How to Remove Duplicates Case-Insensitive in Power Query
One of the most common headaches analysts face is dealing with inconsistent data entry. By default, table transformations can be tripped up by typing habits.
Why Capitalization Can Create Hidden Duplicates
Power Query is strictly case-sensitive. To the engine, “Los Angeles”, “los angeles”, and “LOS ANGELES” are three completely different cities. A standard duplicate removal will keep all three, failing to fully remove repeated values.
Use Comparer.OrdinalIgnoreCase
To make your cleanup case-insensitive, you need to slightly adjust the formula in the formula bar.
Change your standard code from:
= Table.Distinct(Source, {"City"})
To:
= Table.Distinct(Source, {"City", Comparer.OrdinalIgnoreCase})
Tip: This simple M-code addition allows the engine to ignore capitalization while evaluating rows.
Remove Duplicates Across Multiple Columns Regardless of Case
If you are evaluating multiple columns, you must apply this rule to each one individually within the M-code:
= Table.Distinct(Source, {{"City", Comparer.OrdinalIgnoreCase}, {"State", Comparer.OrdinalIgnoreCase}})
Conditionally Remove Duplicates in Power Query
Often, you don’t just want to keep the first duplicate; you want to keep the best duplicate based on a specific condition. This is where you leverage advanced power query data cleaning.
Keep the First Occurrence
To guarantee you keep the absolute first occurrence based on a specific criteria, you must sort your data appropriately, buffer the table, and then remove duplicates.
Keep the Last Occurrence
Sort your target column in Descending order so the last occurrence floats to the top.

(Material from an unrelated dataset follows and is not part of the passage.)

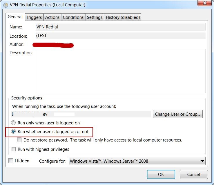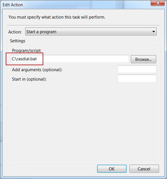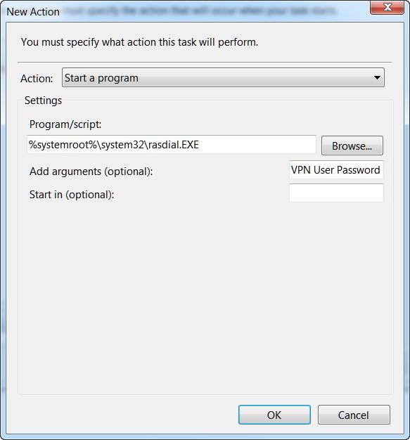 - Select rasdial.exe with the parameters vpn-name username password as a program to be started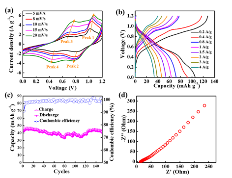 图6(a)不同扫描速率下AIB的典型CV曲线。(b)研究了AIB的充电/放电测试。(c)在1 A g-1的电流密度下执行的AIB的循环稳定性。(d)AIB的电化学阻抗谱(EIS)测试。

Buffer the table, then remove duplicates on your ID column.
Keep the Earliest Date
Sort your Date column in Ascending order (oldest to newest). Buffer the table, then remove duplicates based on your identifier.
Keep the Latest Date
Sort your Date column in Descending order (newest to oldest). Buffer the table, then remove duplicates to keep the most recent transaction.
Keep the Lowest Value
Instead of the standard remove duplicates button, use the Group By feature to harness the power of Table.Group. Group by your main category, perform an All Rows operation, and adjust the M-code to use Table.Min([Column Name]) to extract the lowest value.
Keep the Highest Value
Follow the exact same grouping steps as above, but swap the M-code formula to Table.Max([Column Name]) to pull the highest sales figure or test score.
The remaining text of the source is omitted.